As you might imagine, not everyone was happy with my post the other day discussing another paper by Peter Doshi attempting to “prove” that the randomized controlled trials used to justify the emergency use authorization (EUA) for mRNA-based vaccines actually showed more serious adverse events than the placebo group. Of course as I discussed, it took p-hacking, cherry picking of data, and comparing apples and oranges to reach that conclusion, making the preprint by Peter Doshi and at least two other “COVID-19 contrarians” (Joseph Fraiman and Patrick Whelan) highly suspect at best, disinformation at worst.

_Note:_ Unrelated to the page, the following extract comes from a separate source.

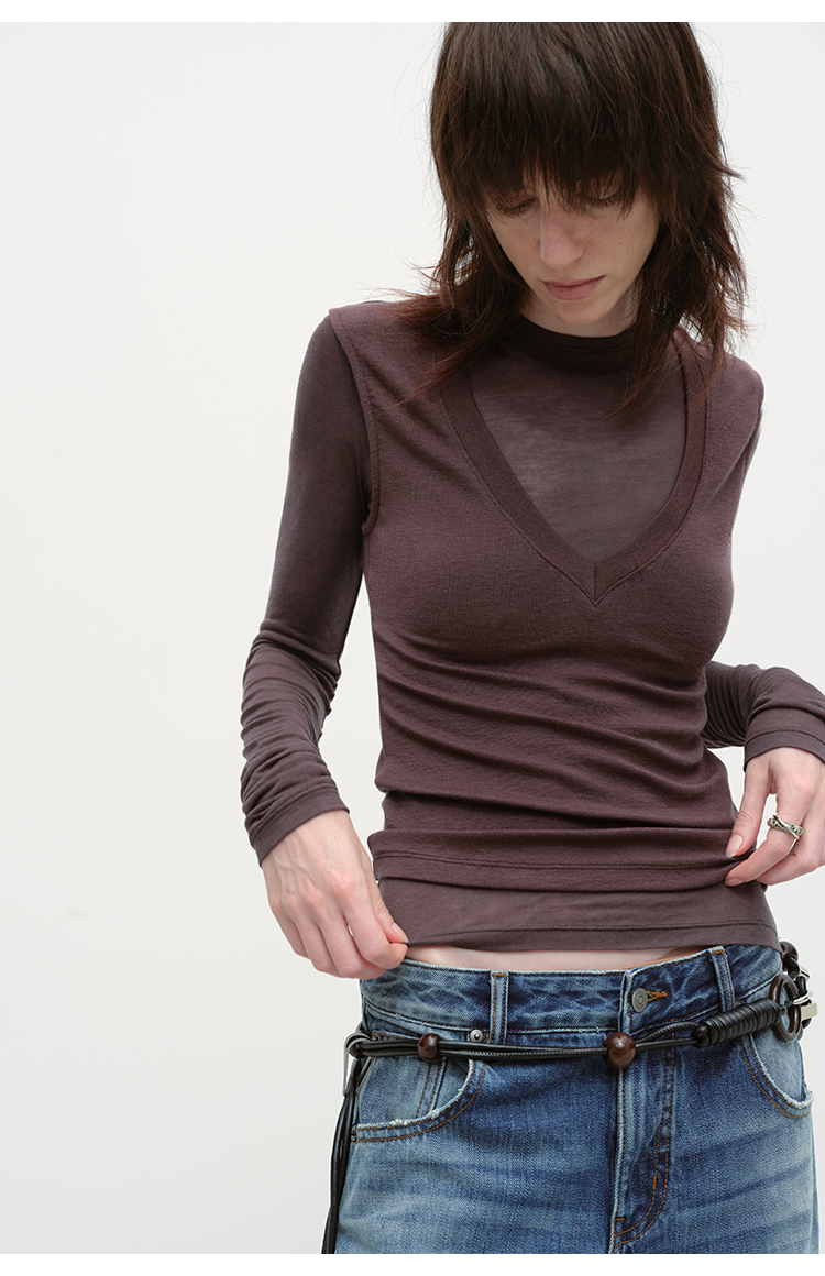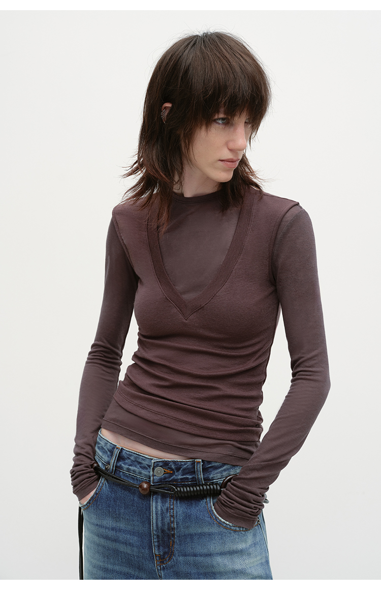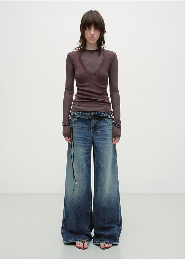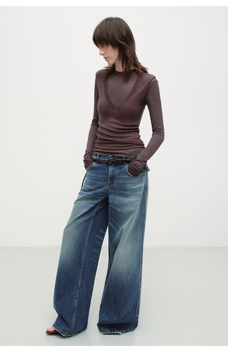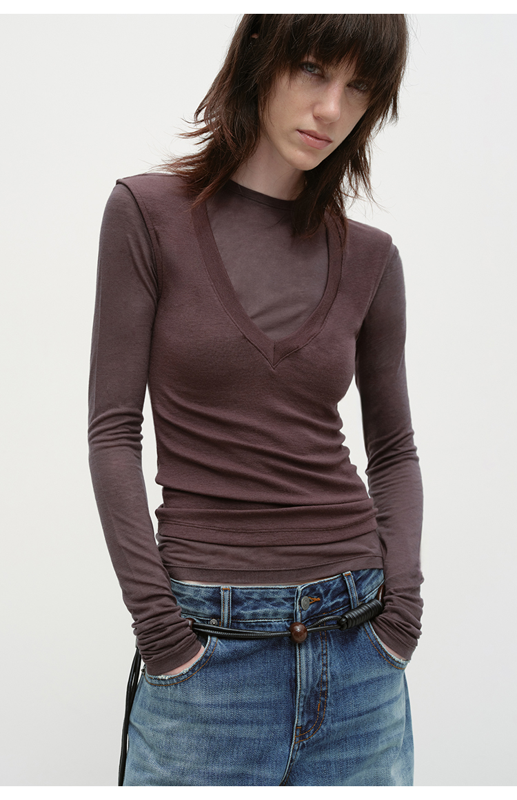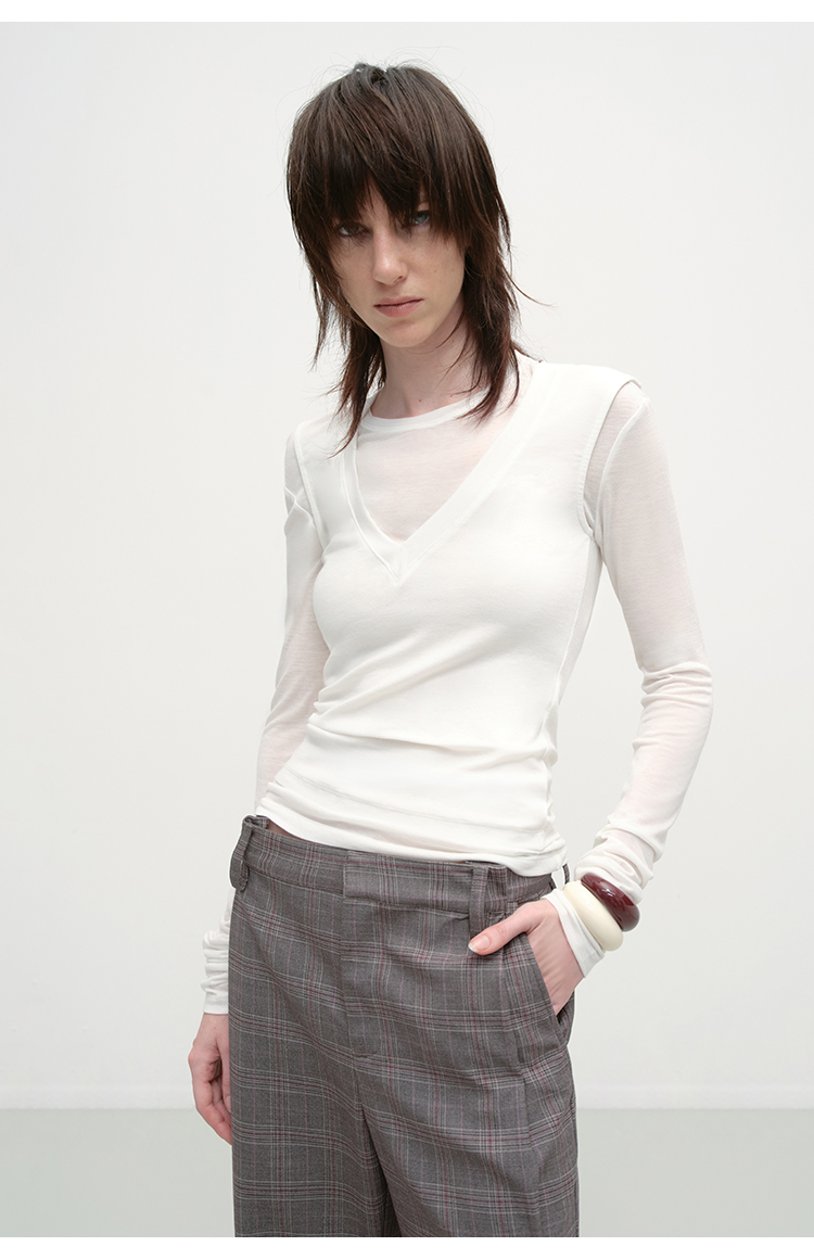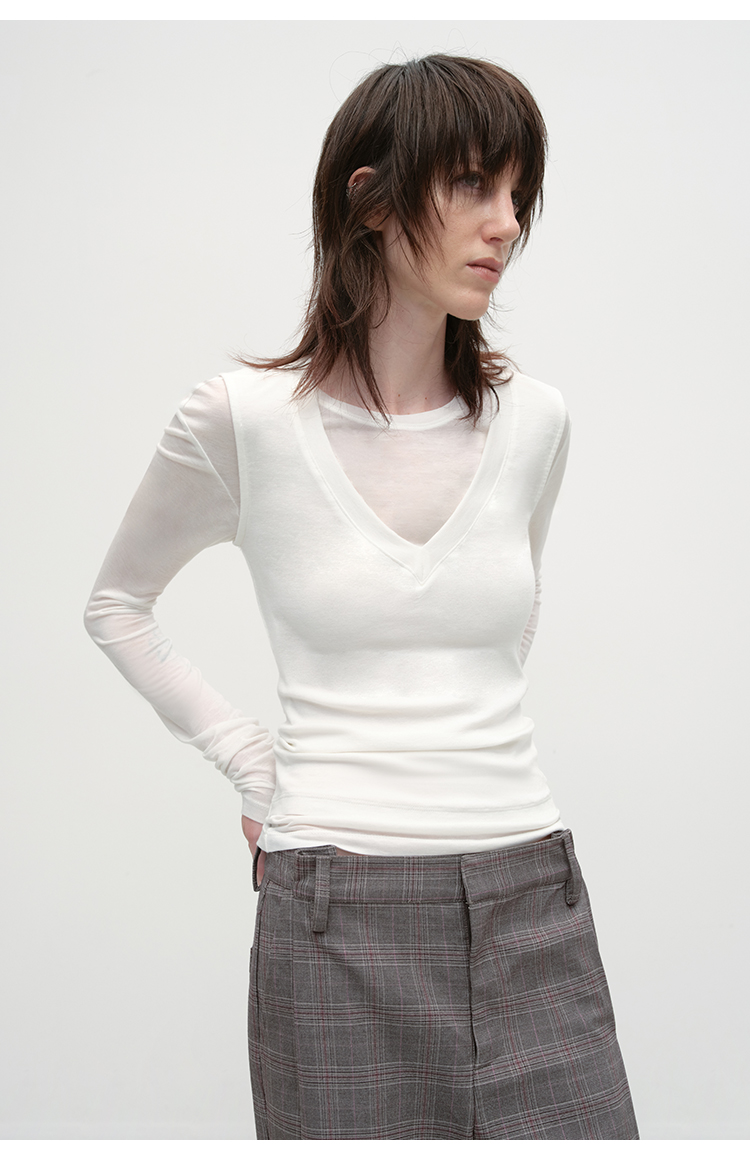 出逃赤岗西/25AWT176/莱赛尔修身羊毛T恤

One of the people not happy with my deconstruction of this study and, even less so, the deconstruction by Susan Oliver in a 12 minute YouTube video, is Norman Fenton, Professor of Risk Information Management at Queen Mary University of London. At the time I encountered his initial objections on Twitter I didn’t recall ever having heard of Prof. Fenton before, but he is clearly unhappy by the criticism leveled at Doshi. Indeed, yesterday he posted a rant on his blog entitled Response to Susan Oliver video “Antivaxxers fooled by p-hacking and apples to oranges comparison.” (Let’s just say that he’s not particularly creative coming up with titles for his post.) His key point?

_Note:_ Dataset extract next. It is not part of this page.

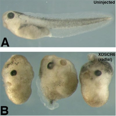 Fig. S4. Uniform expression of XDSCR6 suppresses trunk and posterior development. Embryos at the 8-cell stage were radially injected with Xdscr6 mRNA (0.4 ng) at the equatorial region and live images of control (A) and injected (B) embryos were taken at larval stage 41. Note that embryos radially injected with Xdscr6 lacks trunk and posterior regions.
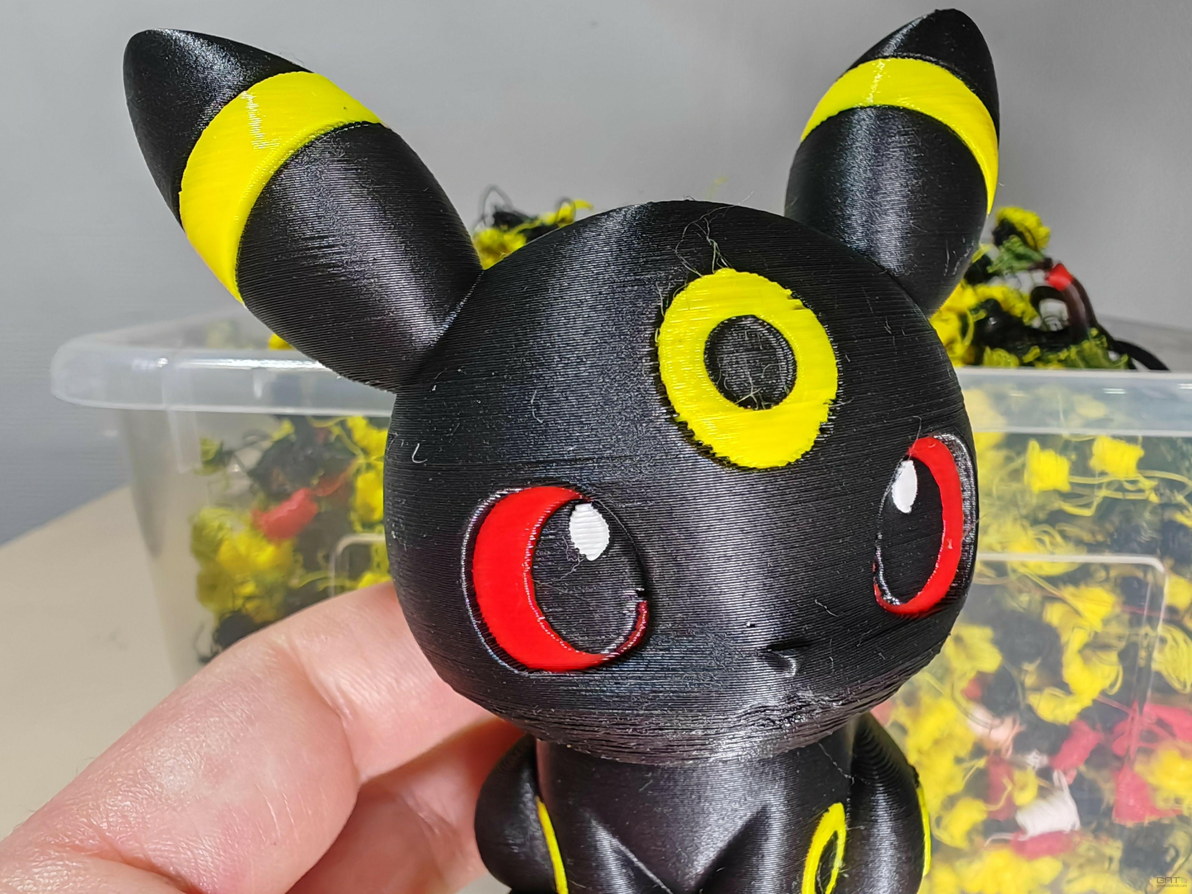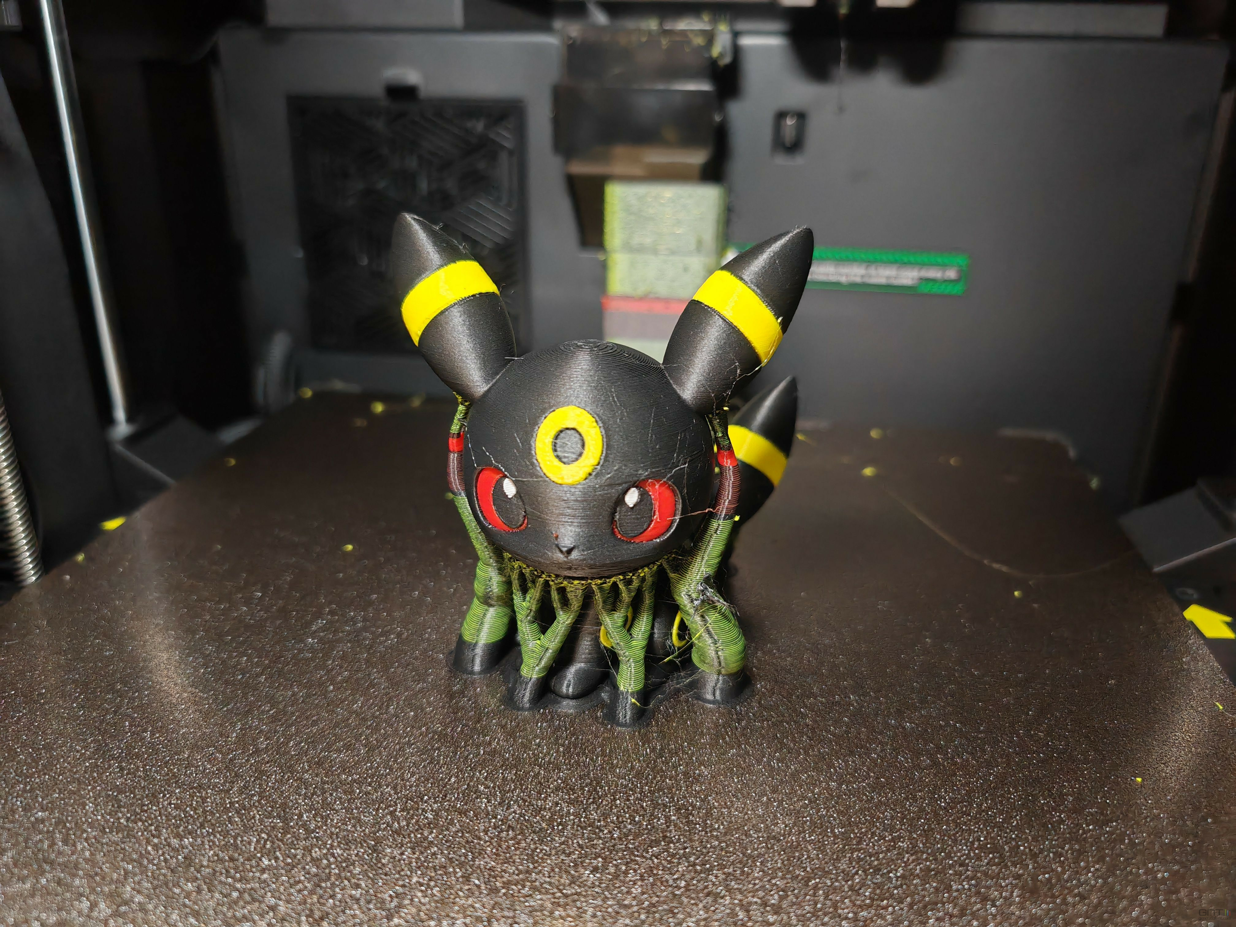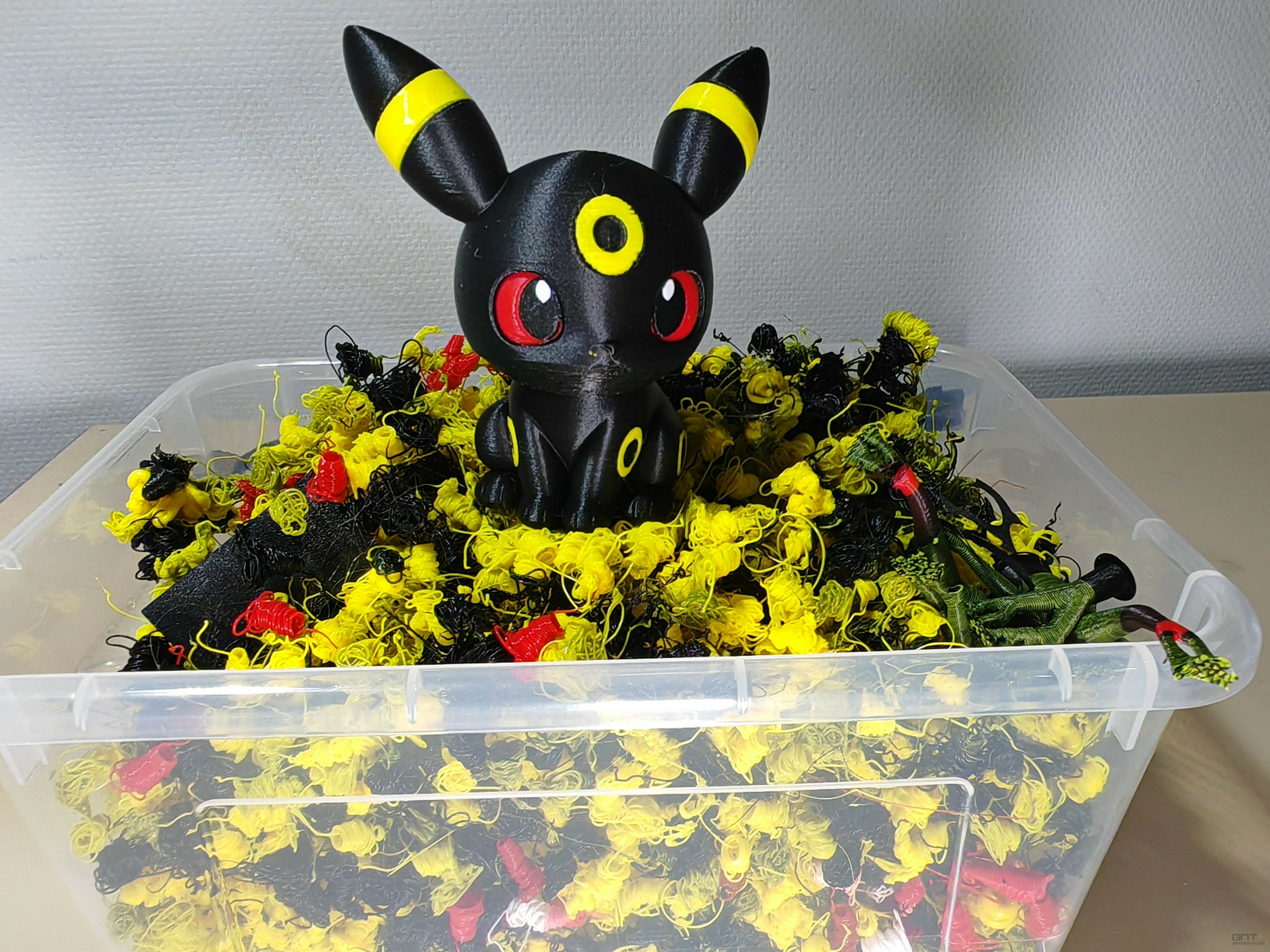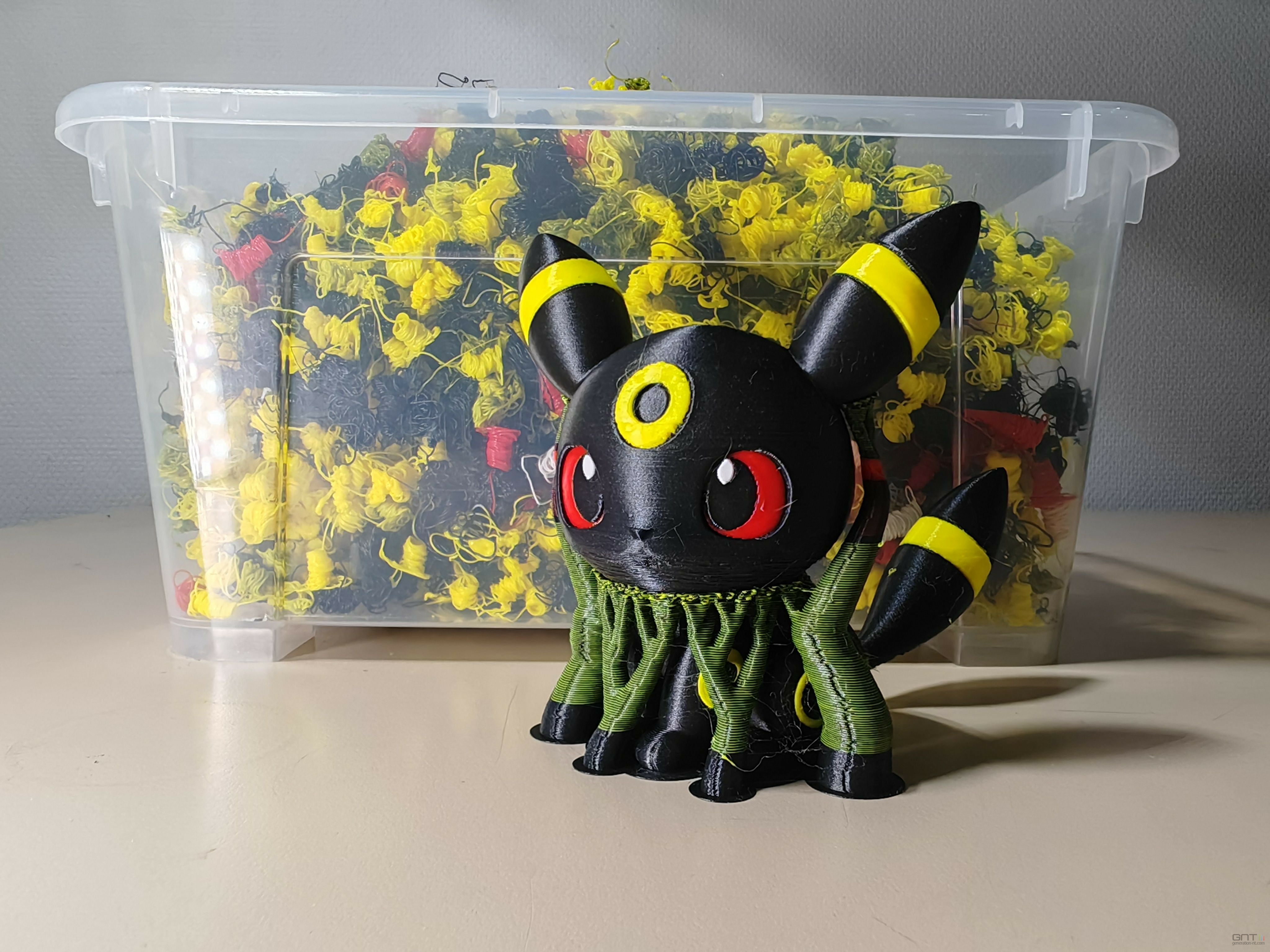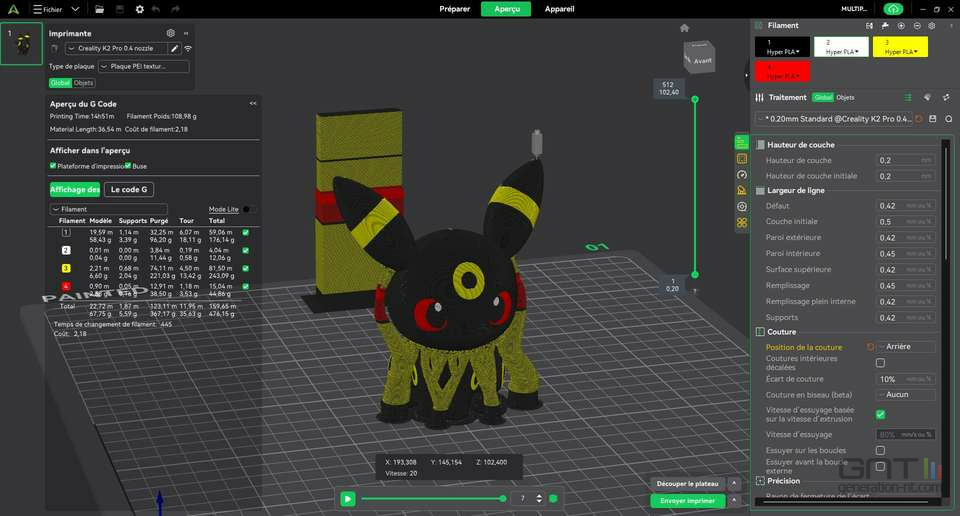 Dans notre test du Noctali de 10 cm de haut, la figurine à elle seule représente un poids de 67 grammes de filament auquel il faut ajouter 5,5 grammes de supports, une tour de purge de 35,6 grammes et malheureusement, 367 grammes de "poops"... Soit 67 grammes de pièce pour 408 grammes de perte... Cela reste encore trop important, mais les pertes liées à la tour et aux poops sont fixes, c'est-à-dire que, si l'on avait imprimé plusieurs de ces mêmes figurines, il n'y aurait pas eu de multiplication de ces facteurs de perte... Cela encourage à l'impression multiple, solution viable certes, mais qui entraine également d'autres déconvenues : si l'on avait imprimé cette pièce seule d'une seule couleur, elle aurait mis entre 1h et 1h 30... Ici, il nous aura fallu 15 heures d'impression, annoncées par le slicer... Temps qui a explosé en tenant compte des blocages de la bobine évoquée plus haut, ayant entrainé la perte de quasiment toute une nuit, machine en attente de solutionner le problème...

Interestingly, despite the video title, Susan spends less than 30 seconds describing what p-hacking is and instead refers to a paper about it  (we agree entirely with the general concerns raised about p-hacking and show how it is avoided using Bayesian hypothesis testing ). But the key flaw in Susan’s criticism is that the “Doshi paper” is not an example of p-hacking at all. They do not use p-values and, also contrary to the continued assertions of Susan, they make no claims at all of statistical significance. Rather, the paper provides risk differences and risk ratios with 95% confidence intervals (CIs) for the various different comparisons of vaccine v placebo.
If the authors had been “p-hacking” they would have chosen a p-value like 0.05 and would have added, for each comparison of vaccine v placebo, a ‘significance statistic’ and arrived at at least one example where the statistic was less than 0.05. Then they would claim, for example, that the increased SAE rate was ‘significant’. They do nothing like that at all.
I think I just lost neurons reading that passage. No, seriously, Prof. Fenton’s argument is that it can’t be p-hacking if you don’t use p-values, an argument that is just plain nonsense. He also claims that Joseph Fraiman, Peter Doshi, and the rest of the authors—whom I mention in passing mainly because this paper is clearly primarily Fraiman and Doshi’s, given that they serve as first author and corresponding author, respectively—make no claims of statistical significance at all, even though they used confidence intervals. Let’s revisit the chart (which, conveniently enough, Fenton also reproduces in his post):
So why did Fraiman and Doshi calculate risk differences per 10,000 participants with confidence intervals, as well as risk ratios (RRs), again, with confidence intervals? I will thank Fenton for one thing. Dealing with his post, I rather quickly came to realize that the description in this preprint of how the statistics were done was so minimal as to be almost nonexistent. There’s not even a section on “statistics,” as is the case in most papers. On the one hand, one might argue that that strengthens Fenton’s retort that they didn’t really claim statistical significance. While that might be true, the inclusion of confidence intervals in such a way implies to any scientist that they are looking at which comparisons are and are not statistically significant. They are implicitly looking at statistical significance, even though they’re very careful in their manuscript to avoid the use of words “statistical significance” (or, to be honest, “significance,” “statistics,” or “statistical”) at all wherever possible. I rather suspect that this was done to preempt the sort of argument (such as it is) that they were engaged in p-hacking, which any decent reviewer would likely bring up.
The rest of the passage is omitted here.